Now, if you run terraform apply, it'll make a PUT call against the new API:
2022-08-25T18:48:38.983+0200 [DEBUG] provider.terraform-provider-azurerm_v3.12.0_x5: AzureRM Request:
PUT /subscriptions/64842ced-4781-416f-81ff-482b7f562581/resourceGroups/aks-rg/providers/Microsoft.ContainerService/managedClusters/test-cluster/agentPools/system?api-version=2022-03-02-preview HTTP/1.1
{"properties":{"availabilityZones":["1"],"count":1,"enableAutoScaling":false,"enableFIPS":false,"enableNodePublicIP":false,"kubeletDiskType":"OS","maxPods":110,"mode":"System","nodeLabels":{},"nodeTaints":[],"orchestratorVersion":"1.23.5","osDiskSizeGB":86,"osDiskType":"Ephemeral","osType":"Linux","tags":{"myTag":"myValue"},"type":"VirtualMachineScaleSets","upgradeSettings":{},"vmSize":"Standard_DS2_v2"}}: timestamp=2022-08-25T18:48:38.983+0200
And response will be:
2022-08-25T18:48:40.494+0200 [DEBUG] provider.terraform-provider-azurerm_v3.12.0_x5: AzureRM Response for https://management.azure.com/subscriptions/64842ced-4781-416f-81ff-482b7f562581/resourceGroups/aks-rg/providers/Microsoft.ContainerService/managedClusters/test-cluster/agentPools/system?api-version=2022-03-02-preview:
{
"orchestratorVersion": "1.23.5",
"currentOrchestratorVersion": "1.23.5",
}
}: timestamp=2022-08-25T18:48:40.494+0200
After that, Azure API starts returning both fields:
2022-08-25T18:49:10.650+0200 [DEBUG] provider.terraform-provider-azurerm_v3.12.0_x5: AzureRM Request:
GET /subscriptions/64842ced-4781-416f-81ff-482b7f562581/resourceGroups/aks-rg/providers/Microsoft.ContainerService/managedClusters/test-cluster?api-version=2022-03-02-preview HTTP/1.1
2022-08-25T18:49:11.016+0200 [DEBUG] provider.terraform-provider-azurerm_v3.12.0_x5: AzureRM Response for https://management.azure.com/subscriptions/64842ced-4781-416f-81ff-482b7f562581/resourceGroups/aks-rg/providers/Microsoft.ContainerService/managedClusters/test-cluster?api-version=2022-03-02-preview:
HTTP/2.0 200 OK
{
"orchestratorVersion": "1.23.5",
"currentOrchestratorVersion": "1.23.5",
}
}: timestamp=2022-08-25T18:49:11.015+0200
Workaround 1
-
terraform apply
:- With non-Spot node pools, AKS accepts the change, does nothing, terraform state gets updated, everything's fine.
- Spot node pools are trickier. Historically, they were not allowed to be upgraded, and it was enforced not only in Azure API, but also in terraform code. Due to the latter, I believe terraform would not let you apply the change. The upgrades are supported on Azure side since June, so I prepared a tiny patch that lifts the restriction: https://github.com/hashicorp/terraform-provider-azurerm/pull/18124. Without the patch, you'll have to destroy spot node pool first, upgrade the provider version, create the pool again.
Workaround 2
UPD: this PR https://github.com/hashicorp/terraform-provider-azurerm/pull/18130 will make the provider fallback to currentOrchestratorVersion
if orchestratorVersion
is missing.
I am also seeing this on AzureRM 3.23.0.
When I upgrade my AKS cluster in my Terraform, I am seeing the same behavoir.
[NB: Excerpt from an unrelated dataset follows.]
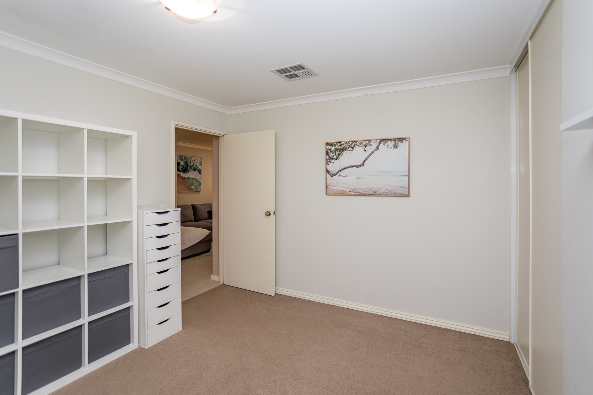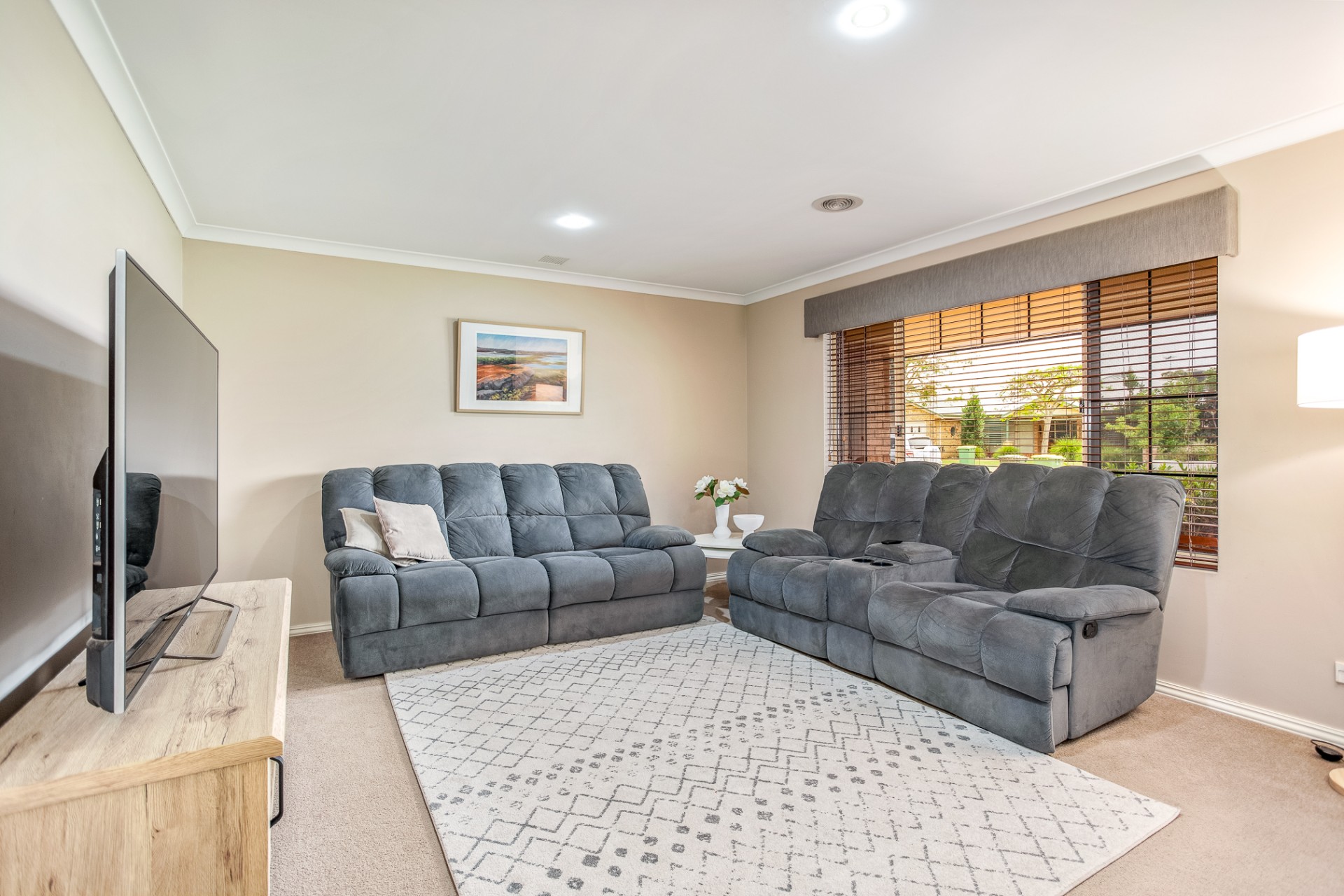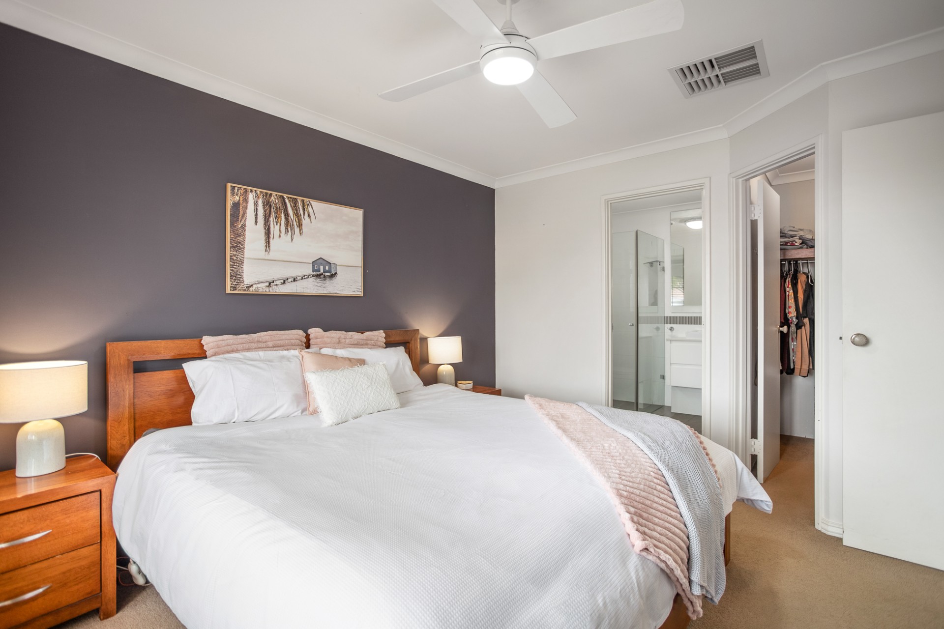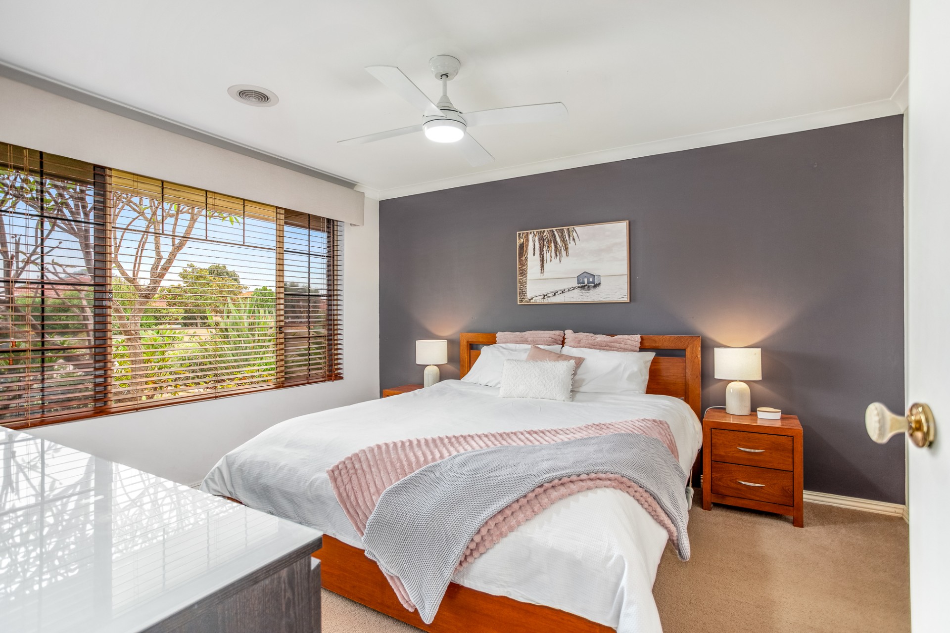 The master bedroom is king sized, with a large walk-in robe, carpet and venetian blinds.

I'm going to lock this issue because it has been closed for 30 days ⏳. This helps our maintainers find and focus on the active issues. If you have found a problem that seems similar to this, please open a new issue and complete the issue template so we can capture all the details necessary to investigate further.